Ülkemiz ‘Vahşi kapitalizm’in özgürce at koşturduğu bir alan haline gelmiştir. İşverenler yüzlerce yıl içinde geliştirilen iş güvenliği kurallarını, maliyet baskısı gerekcesi, ile uygulamazken devletin buna seyirci kalmaması gerekir. Ülkemiz Cumhuriyetin köklü kurumları ile bunları denetleyebilecek ve ciddi yaptırımlar uygulayabilecek vasıftadır. Ancak bu olayda da görülüyor ki bu denetleme ve yaptırımlar yeterince uygulanamaz hale gelmiştir.

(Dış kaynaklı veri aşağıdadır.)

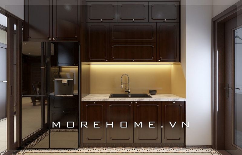 Mẫu tủ bếp gỗ tự nhiên cao cấp được Morehome hoàn thiện.
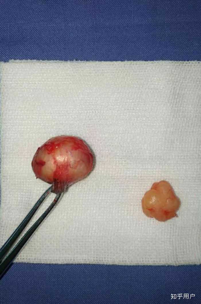 完整切除的皮脂腺囊肿(左),和脂肪瘤(右)

İş kazası bir saman alevi gibi de olsa toplumda yer etmektedir. Ama ondan çok daha fazla can alan meslek hastalıkları toplumun büyük bir kesiminde bilinmemektedir. Ancak ‘kot taşlama işçileri’ gibi toplumun vicdanını etkilediğinde gündem oluşturmaktadır. Meslek hastalıklarının, yarattığı sakatlıklar ve ölümler ile, sadece etkilenen kişiye/aileye değil tüm topluma da büyük mali yük getirdiği unutulmamalıdır.

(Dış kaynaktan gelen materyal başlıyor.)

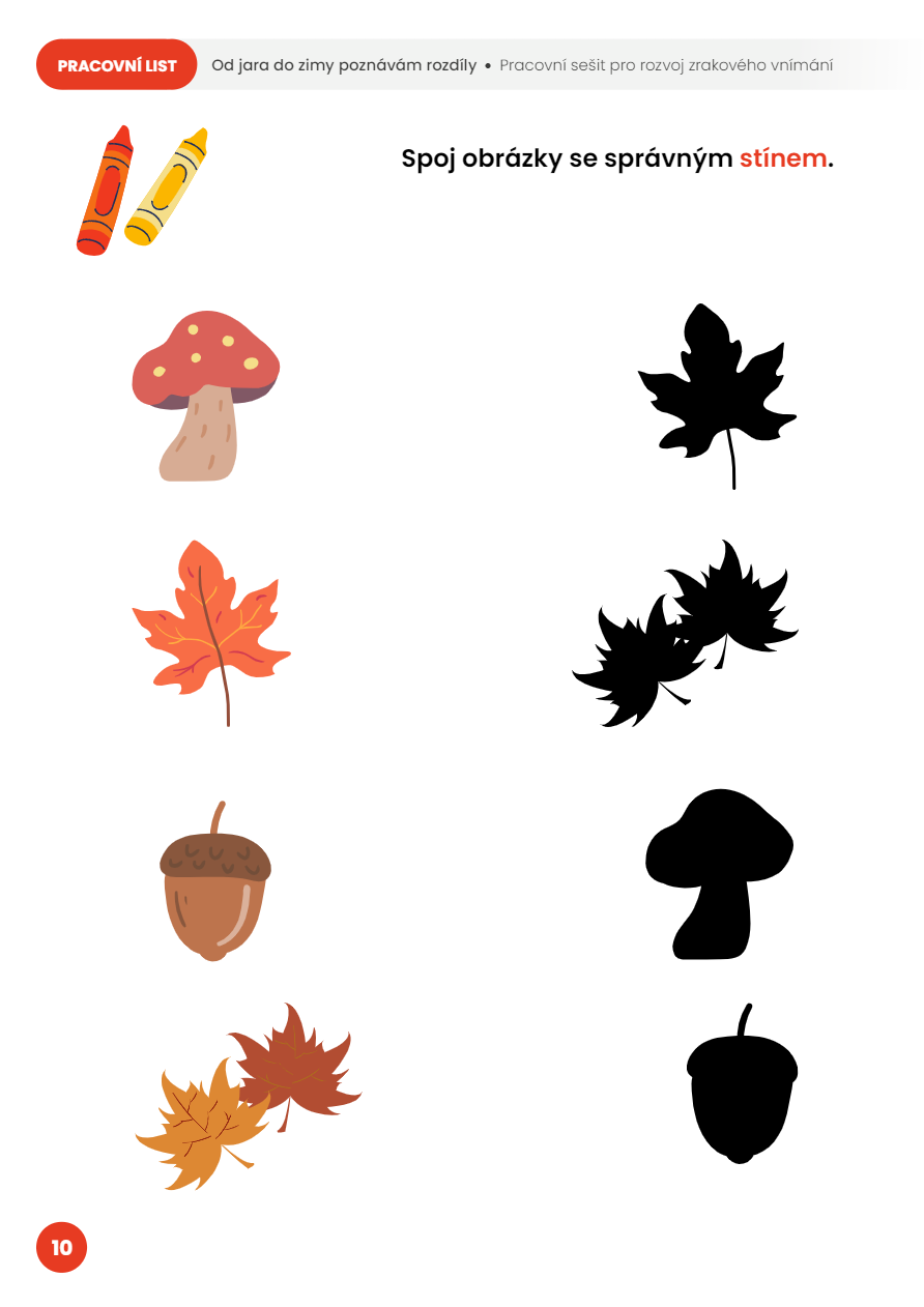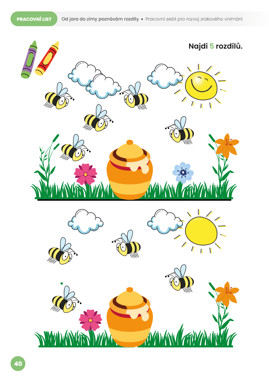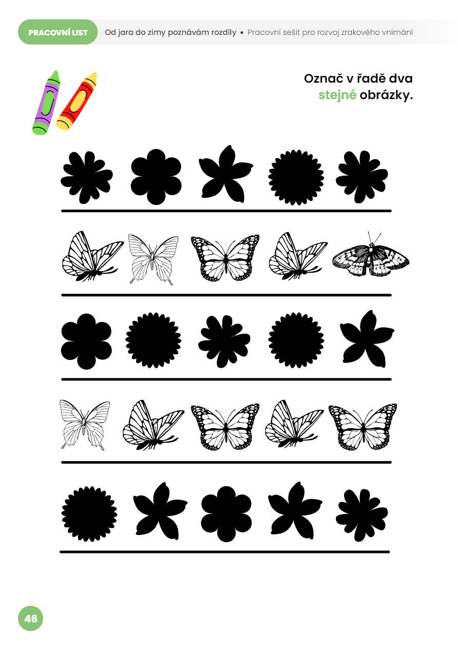 Zrakové vnímání je součástí přípravy na čtení a psaní a jeho rozvoj v předškolním věku je velice zásadní. Jednotlivé pracovní listy jsou jednoduše koncipovány a umožní tak dětem soustředit se na plnění jednotlivých úkolů bez zbytečného rozptylování. Pracovní sešit je rozdělen do čtyř částí podle ročních období od nejjednodušších úkolů až po složitější.

Her kaza ile –bizim gibi- sivil toplum örgütlerinin feryatları ve çözüm önerilerinin bir kere daha havada kaldığı ortaya serilmektedir. İnsan odaklı olmayan ve kar hırsı ile güdülenen üretim sürecinin ülkemizin gelişmesine katkıda bulunmayacağını ve toplumsal huzuru olumsuz etkileyeceğini ifade ederek çözüm önerilerimizi bir kez daha dile getirmek istiyoruz:
- Çalışma Bakanlığı müfettişlerinin konuyla ilgili yeterli eğitimlerinin sağlanması ve denetlemelerinin bağımsız ve etkiden uzak yapabilmeleri sağlanmalıdır.

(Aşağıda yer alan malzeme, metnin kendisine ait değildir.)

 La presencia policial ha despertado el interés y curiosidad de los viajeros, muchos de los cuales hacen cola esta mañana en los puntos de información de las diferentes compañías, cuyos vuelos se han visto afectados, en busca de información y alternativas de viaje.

- İşyeri Hekimlerinin ve İş Güvenliği uzmanlarının mesleki bağımsızlığı yasalarda “sözde” bağımsızlık şeklinde olmamalı, kamusal güvence sağlanmalıdır.
- Yetersiz eğitim ve iş güvencesi ile çalışan işyeri hekimleri ve iş güvenliği uzmanları günah keçisi durumuna getirilmemelidir.
- İşyeri hekimi ve iş güvenliği uzmanı, ücret açısından, işverene bağımlılıktan kurtarılmalıdır.
- Sağlık Bakanlığı, Umumi Hıfzısıhha Kanunu’nun iş kazaları ve meslek hastalıkları konusunda kendisine verdiği yetki ve sorumluluğu hatırlamalıdır.
- Tıp fakültelerimiz eğitimin her aşamasında hekime meslek hastalıklarını tanıma becerisini vermelidir.
- Meslek hastalıkları tanısının önündeki engeller kaldırılmalıdır.
- İş güvenliği uzmanlığı eğitimi yeniden düzenlenmelidir. İşyerlerinde meslek uygunluğu olan iş güvenliği uzmanları görev almalıdır.
- İşyeri hekimliği eğitimi Sağlık Bakanlığı tarafından düzenlenmeli ve denetlenmelidir.
- Radyo ve televizyonlar, İş Sağlığı ve Güvenliği Kanunu yükümlülüğü olan ayda 1 saatlik yayın yapma zorunluluklarını yerine getirmelidirler.
- İşverenlere iş sağlığı ve güvenliği eğitimi verilmelidir.
Umutlarımızı kaybetmek istemiyoruz. İşçilerimizin sağ-salim yerüstüne çıkarılmasını umuyoruz. Eleştirilerimizi sıralarken iğneyi de kendimize batırmalıyız. Biz hekimlerin çalışanların sağlıkları ve meslek hastalıkları konusunda yeterli gayreti sarf etmediğini de unutmamalıyız. Bu konuyu önemsemek ve elimizi taşın altına koymak sırası artık bizde.